All attacks are "shows;" big shows over two or three miles or more of front, little shows over a thousand yards or so, while five hundred yards is merely "cleaning up a trench." It may seem a flippant way of speaking, but it is simply the application of jargon to the everyday work of an organization. An attack that fails is a "washout," for not all attacks succeed. If they did, progress would be a matter of marching.
"Zero is at four; come at two," Howell said when I was going.
At two the next afternoon I found him occupied less with final details than with the routine business of one who is clearing his desk preparatory to a week-end holiday. Against the wall of what had been once a bedroom in the house of the leading citizen of the town, which was his office, he had an improvised bookkeeper's desk and on it were the mapped plans of the afternoon's operation, which he had worked over with the diligence and professional earnestness of an architect over his blue prints. He had been over the ground and studied it with the care of a landscape gardener who is going to make improvements.

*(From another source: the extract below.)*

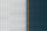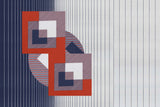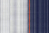White, red, blue, the primary colours of the Bauhaus, are the key to a graphic pattern that favours regular geometric shapes, the circle and the square. These contrasting shades animate the surface, striped by a succession of parallel lines that seem to go on forever.
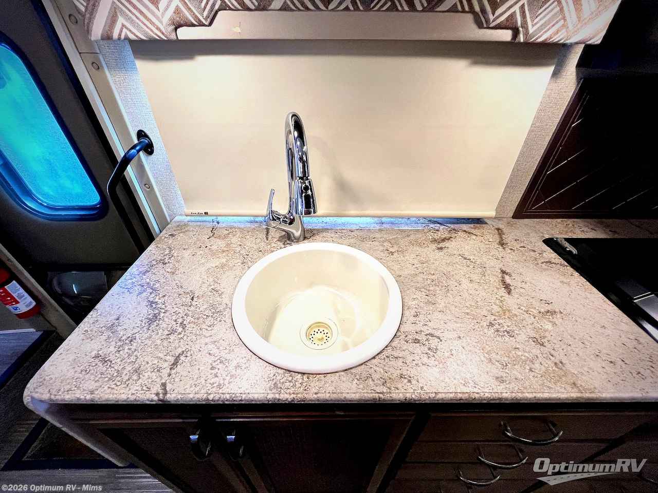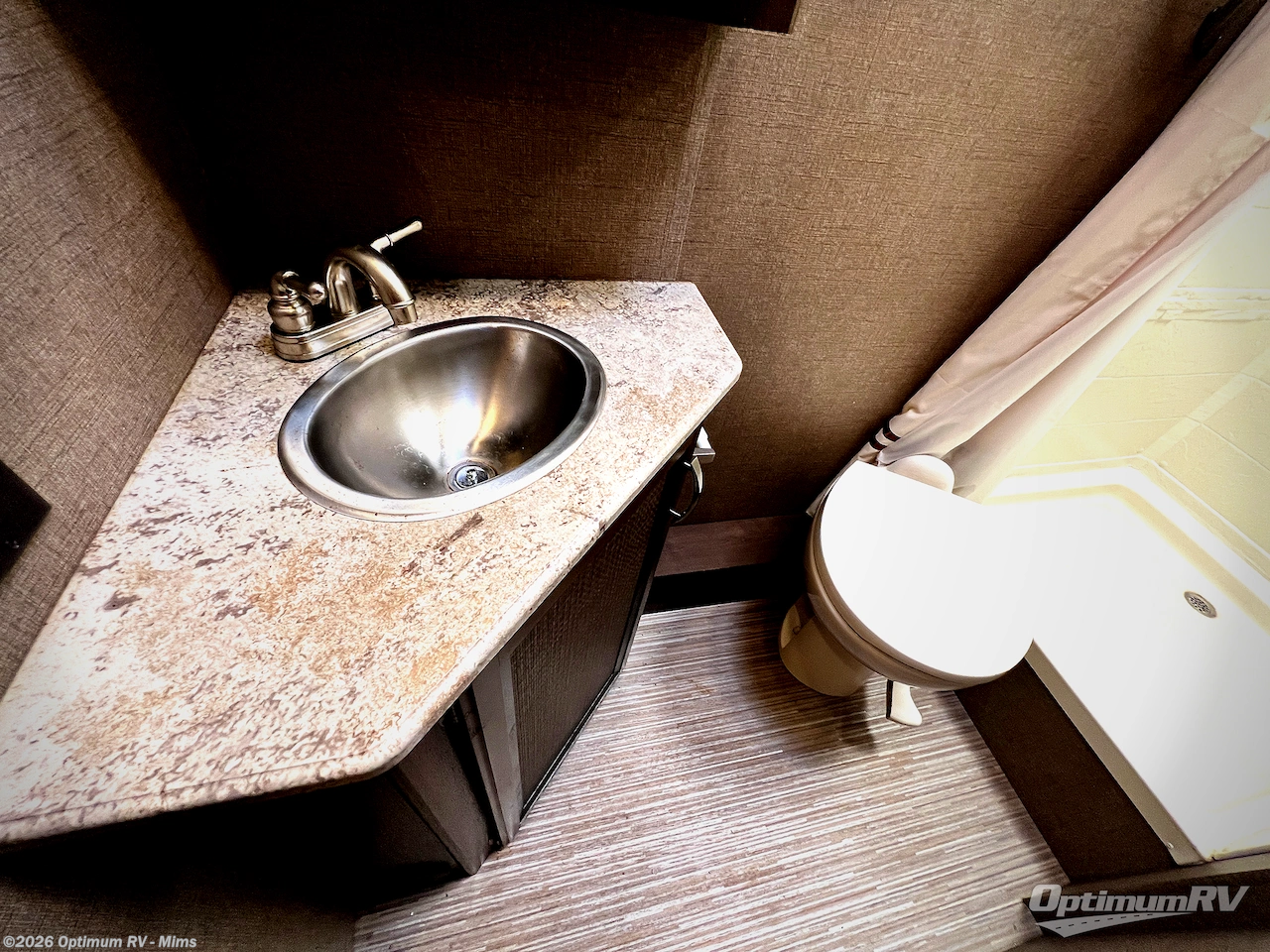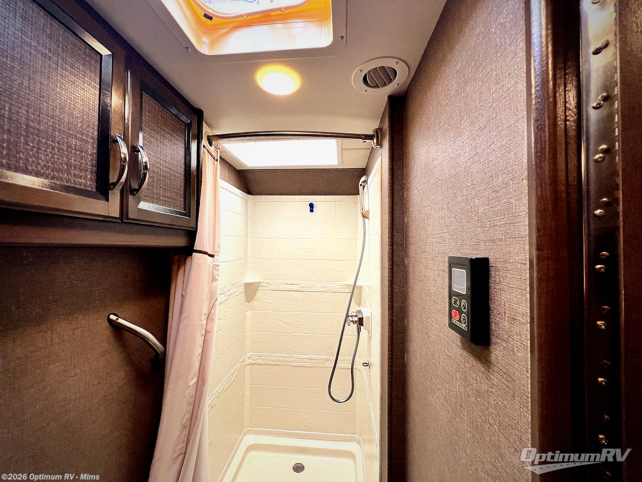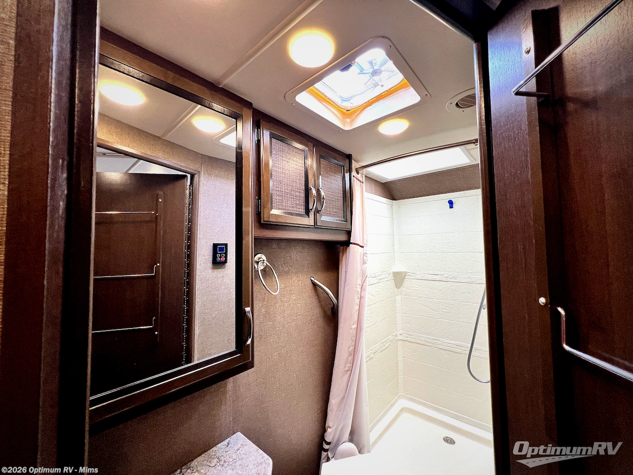 A rear private corner bathroom includes a shower, a toilet, a sink, and overhead cabinets. You will love the convenience of your own on board bath!

"A smoke barrage screen along there," he explained, indicating the line of a German trench, "but a real attack along here"--which sounded familiar from staff officers in chateaux.
Every detail of the German positions was accurately outlined, yard by yard, their machine guns definitely located.
"We're uncertain about that one," he remarked, laying his pencil on the map symbol for an M.G.
Trench mortars had another symbol, deep dugouts another. It was the business of somebody to get all this information without being communicative about his methods. Referring to a section of a hundred yards or more he remarked that an eager company commander had thought that he could take a bit of German trench there and had taken it, which meant that the gunners had to be informed so as to rearrange the barrage or curtain of fire with the resulting necessity of fresh observations and fresh registry of practice shots. I judged that Howell did not want the men to be too eager; he wanted them just eager enough.